Nothing in the copy should be a picture; everything else in the listing is to be restated exactly.

Dataset excerpts
--- START ---

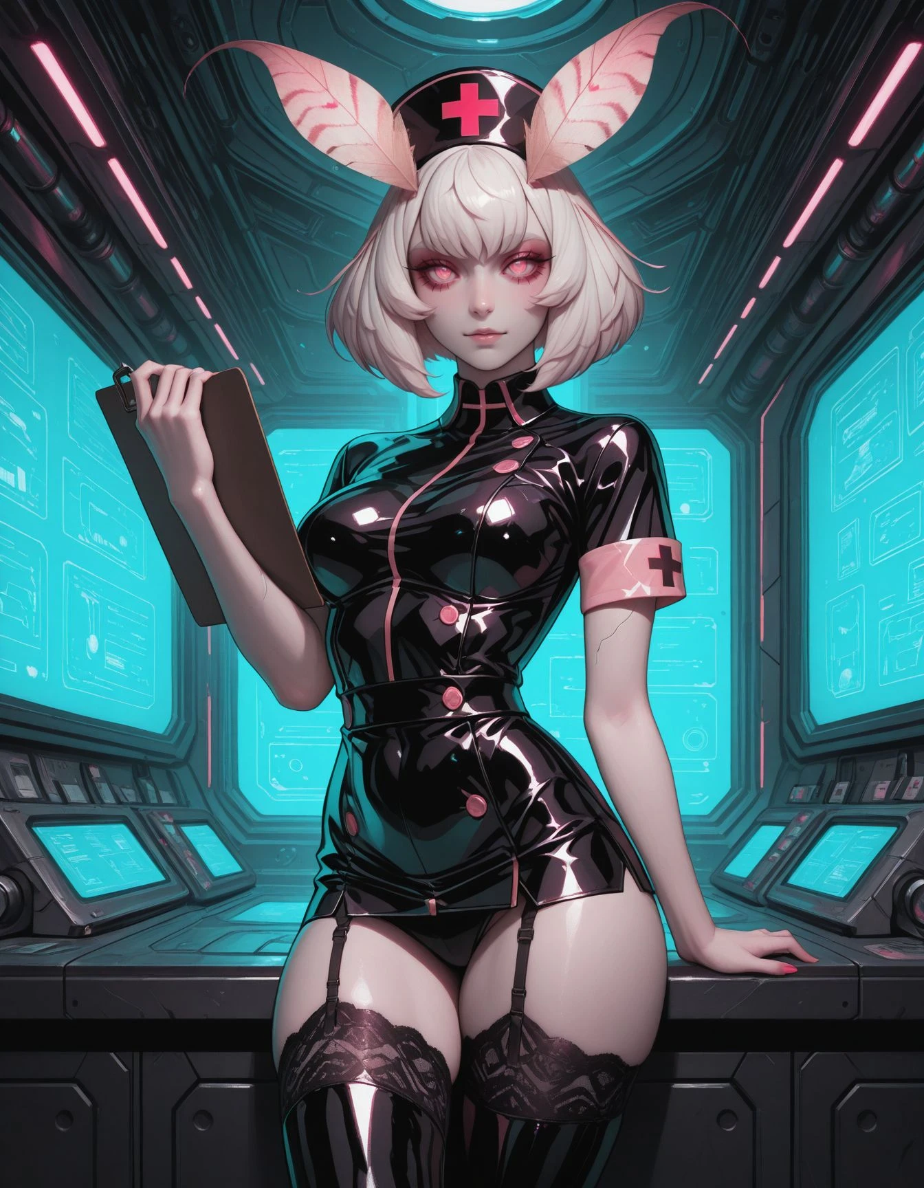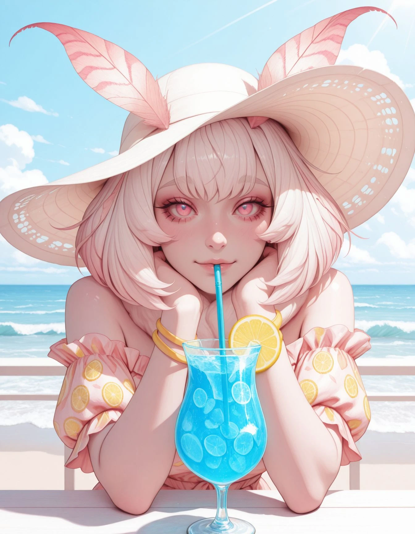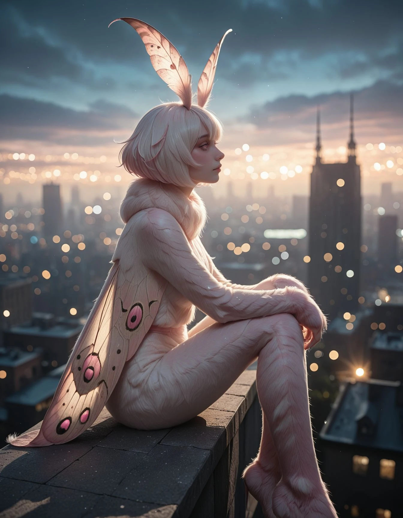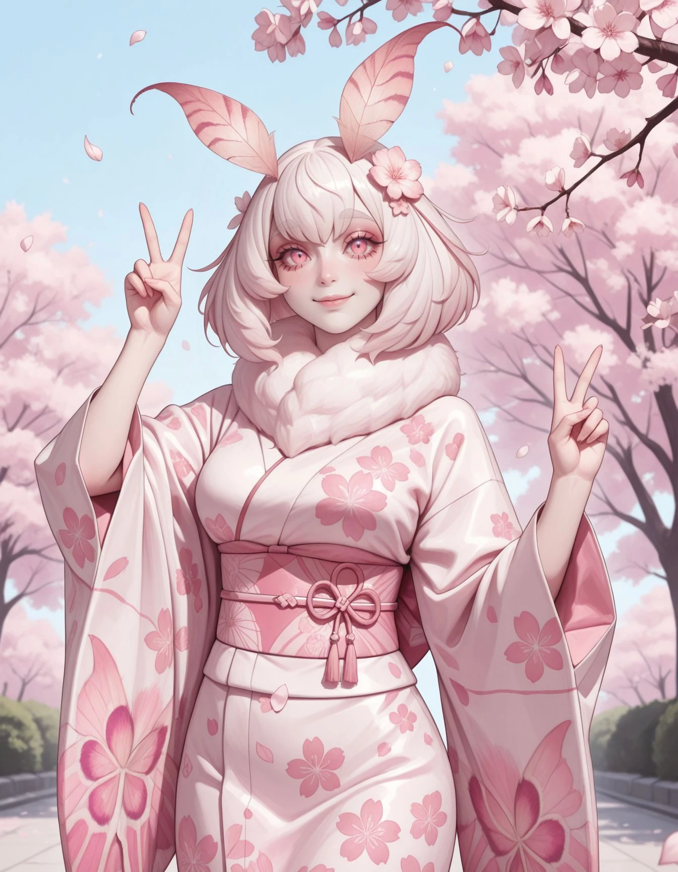 OCMithr4, moth Girl, White hair, pink eyes, short hair, antennae
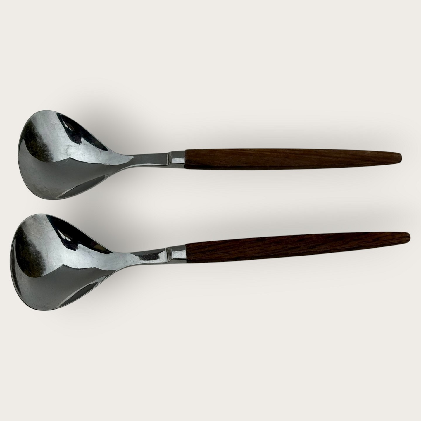 : Raadvad, salatsæt i teaktræ og stål fra 1960'erne, 22cm langt *pæn brugt stand*
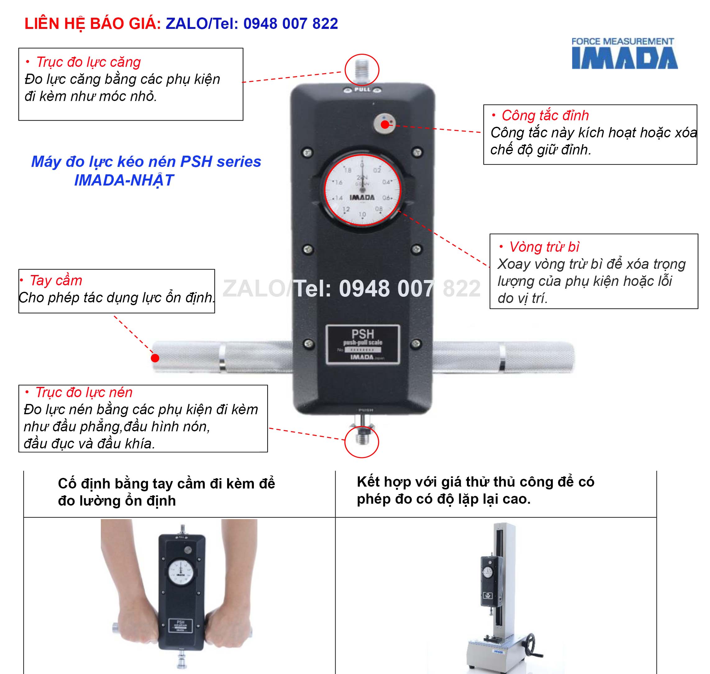 Máy đo lực kéo nén PSH series Imada (hay đồng hồ đo lực kéo nén PSH-500N; PSH-1000N; PSH-2000N; PSH-3000N; PSH-50K; PSH-100K; PSH-200K; PSH-300K IMADA). Đồng hồ đo lực cơ học loại công suất lớn có khả năng chịu lực lên đến 3000N. Đo cả hai lực nén và kéo, được trang bị cơ cấu kim dừng giúp kim dừng lại ở giá trị cực đại.
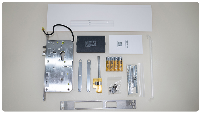 将锁芯与配件全部打开以后包含了很多内容,一张安装定位图、主锁体、供电锂电池、说明书、两把钥匙、C级锁芯、8节5号电池、安装螺丝、定位柱、锁舌孔等。
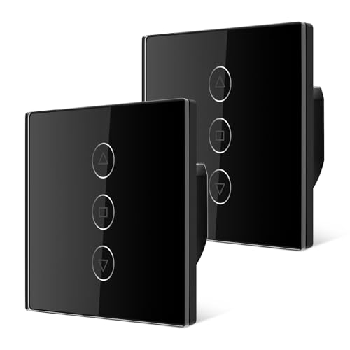 Tallifun 2 Pack Interrupteur Volet Roulant Connecté, 80 * 80mm Interrupteur de Stores WiFi Compatible Alexa/Google Home/SmartLife, APP Contrôle à Distance - Fil Neutre Requis (Noir)
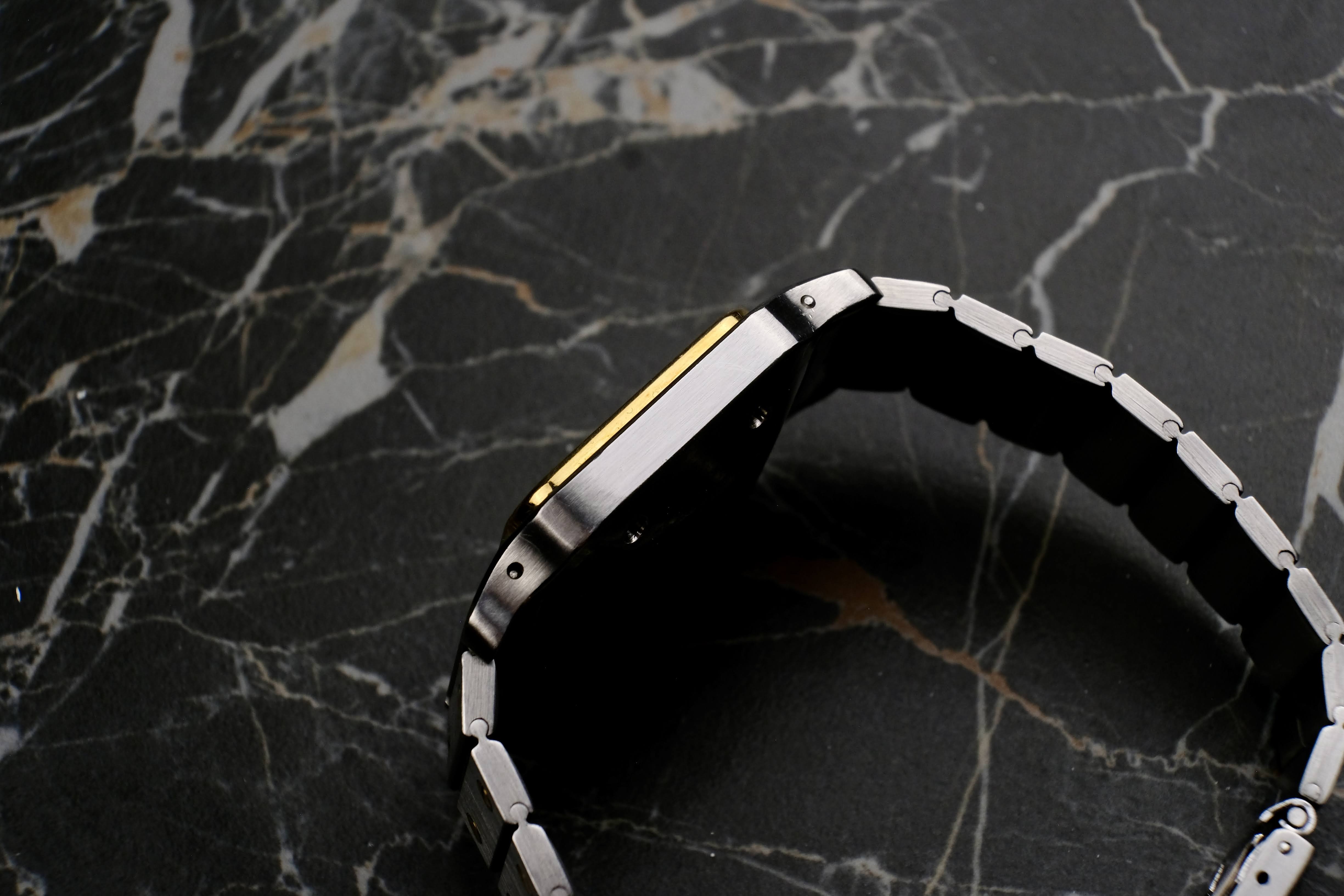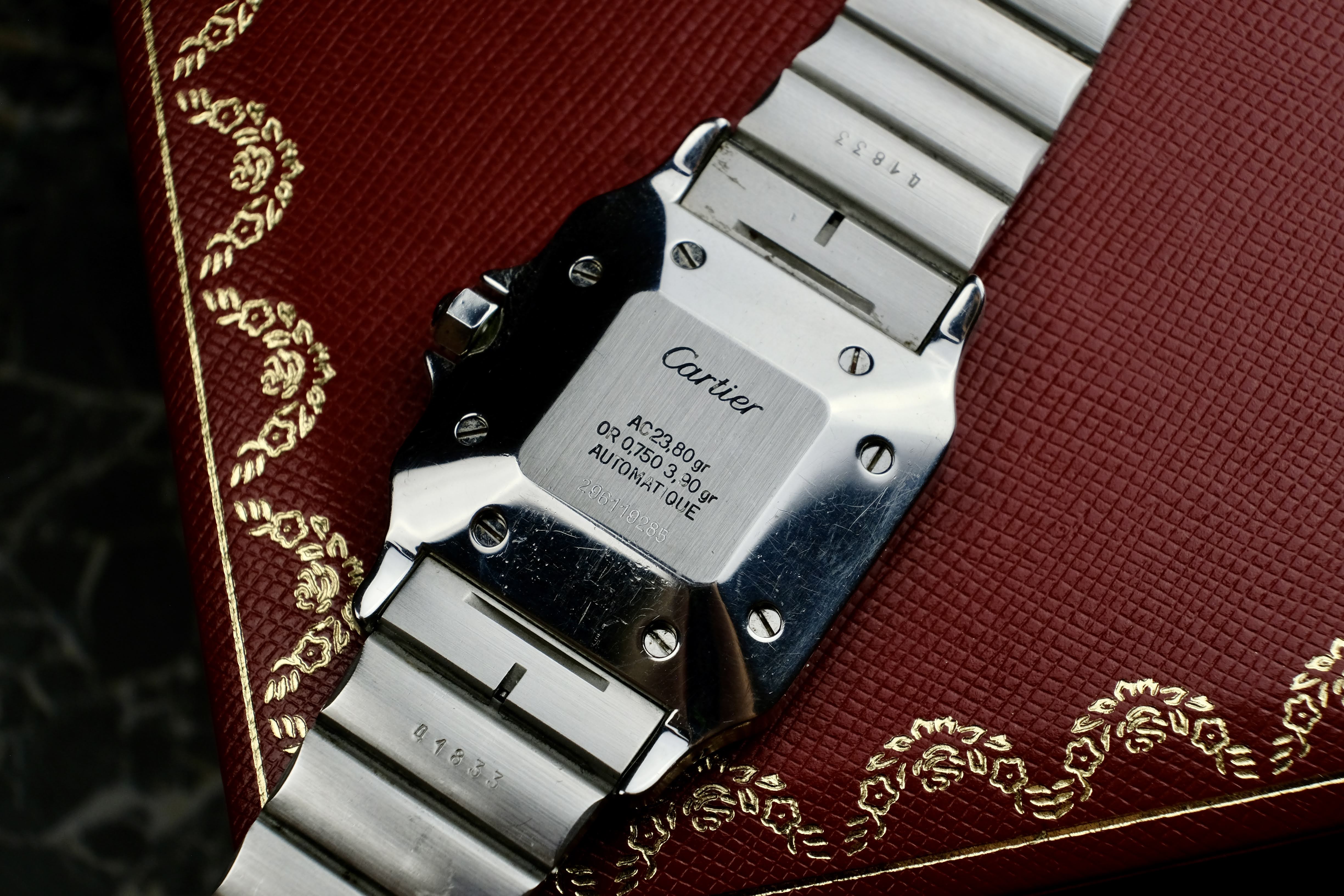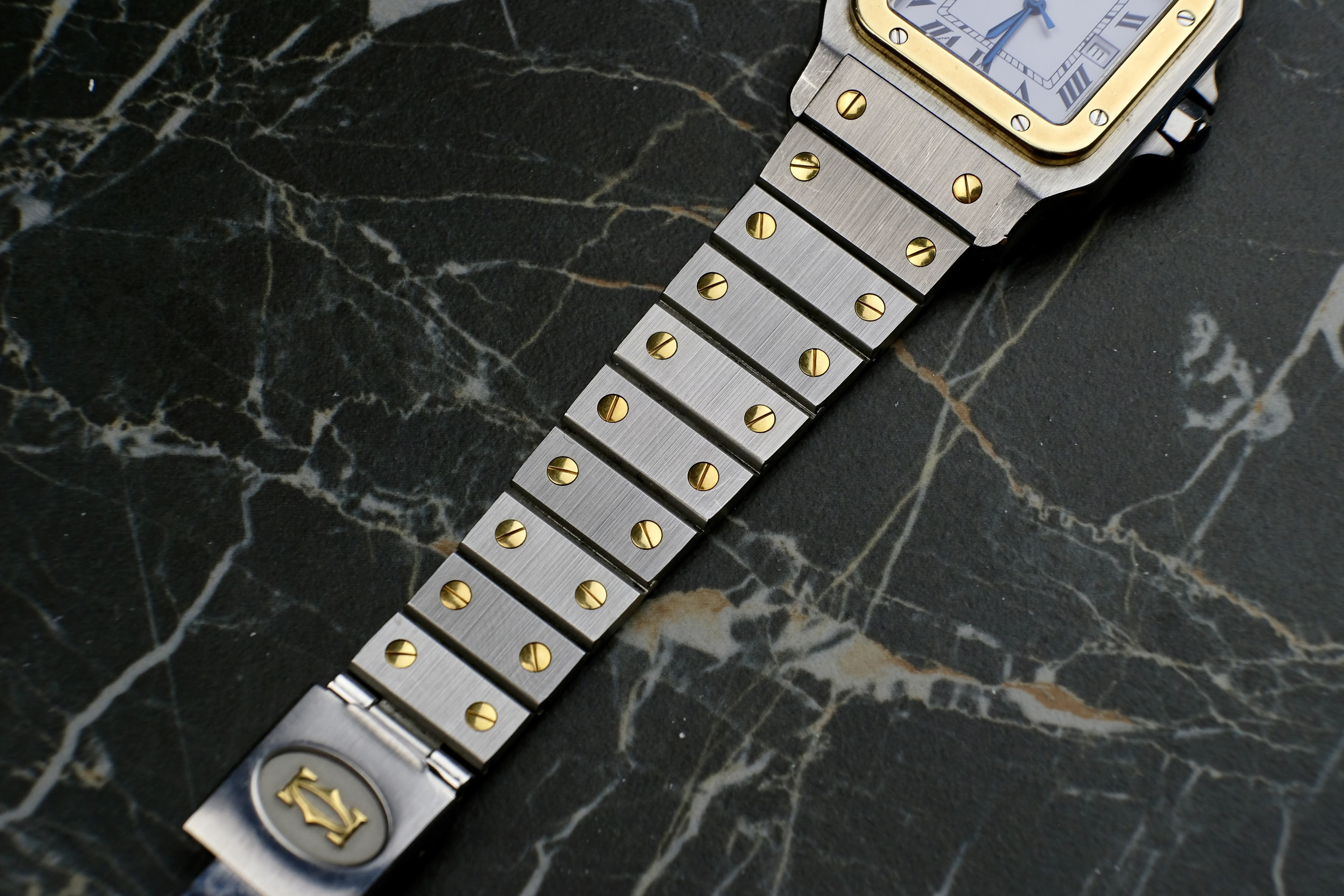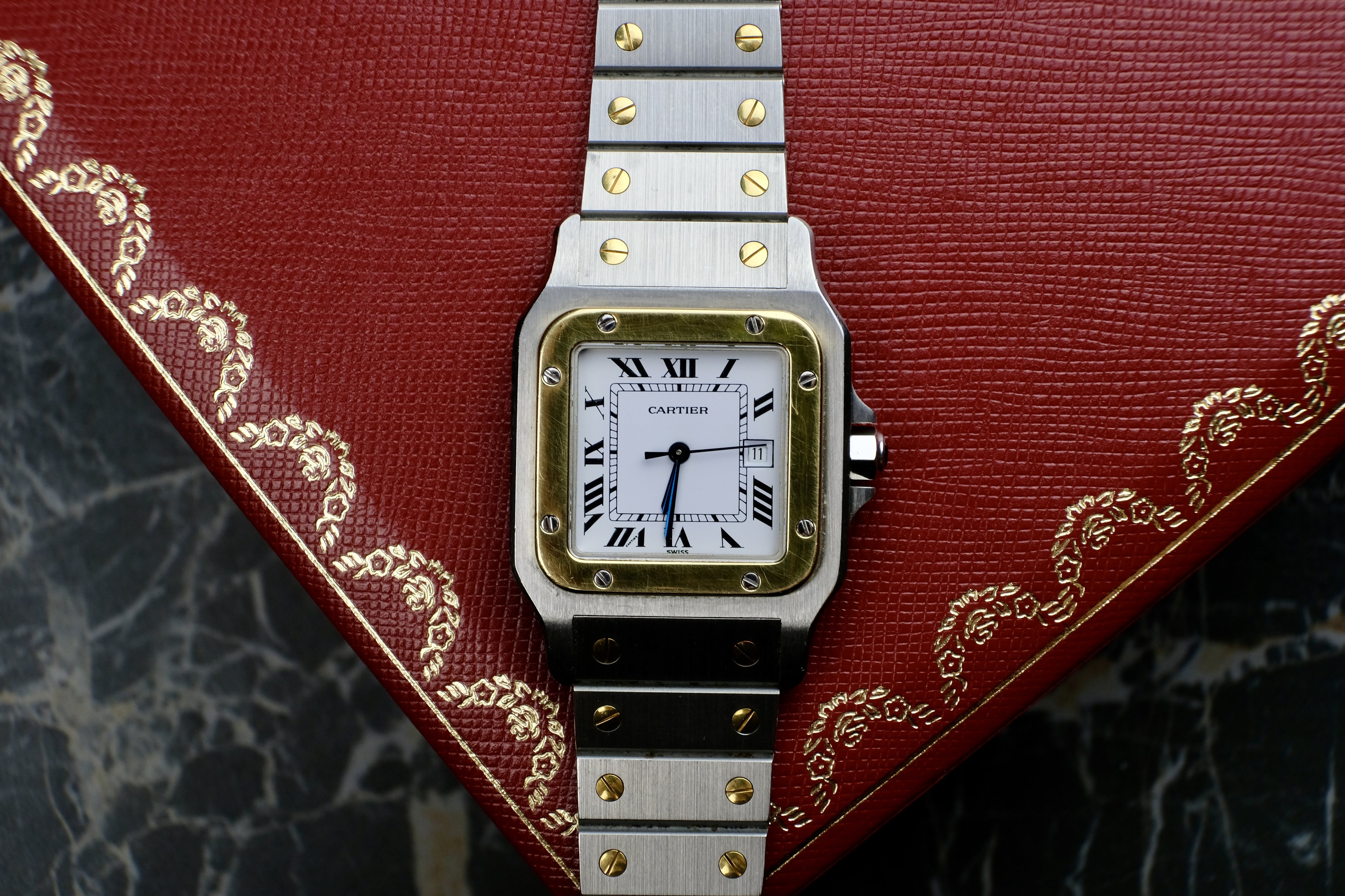 Here we have a super nice and very sharp Cartier Santos Carrée 2961 from the 80s: What I love is the original polish of the surface and the dark golden patina on the screws and bezel. Its getting harder and harder to get buy these in such condition.

--- END ---

Response to the exercise
 OCMithr4, moth Girl, White hair, pink eyes, short hair, antennae
 : Raadvad, salatsæt i teaktræ og stål fra 1960'erne, 22cm langt *pæn brugt stand*
 Máy đo lực kéo nén PSH series Imada (hay đồng hồ đo lực kéo nén PSH-500N; PSH-1000N; PSH-2000N; PSH-3000N; PSH-50K; PSH-100K; PSH-200K; PSH-300K IMADA). Đồng hồ đo lực cơ học loại công suất lớn có khả năng chịu lực lên đến 3000N. Đo cả hai lực nén và kéo, được trang bị cơ cấu kim dừng giúp kim dừng lại ở giá trị cực đại.
 将锁芯与配件全部打开以后包含了很多内容,一张安装定位图、主锁体、供电锂电池、说明书、两把钥匙、C级锁芯、8节5号电池、安装螺丝、定位柱、锁舌孔等。
 Tallifun 2 Pack Interrupteur Volet Roulant Connecté, 80 * 80mm Interrupteur de Stores WiFi Compatible Alexa/Google Home/SmartLife, APP Contrôle à Distance - Fil Neutre Requis (Noir)
 Here we have a super nice and very sharp Cartier Santos Carrée 2961 from the 80s: What I love is the original polish of the surface and the dark golden patina on the screws and bezel. Its getting harder and harder to get buy these in such condition.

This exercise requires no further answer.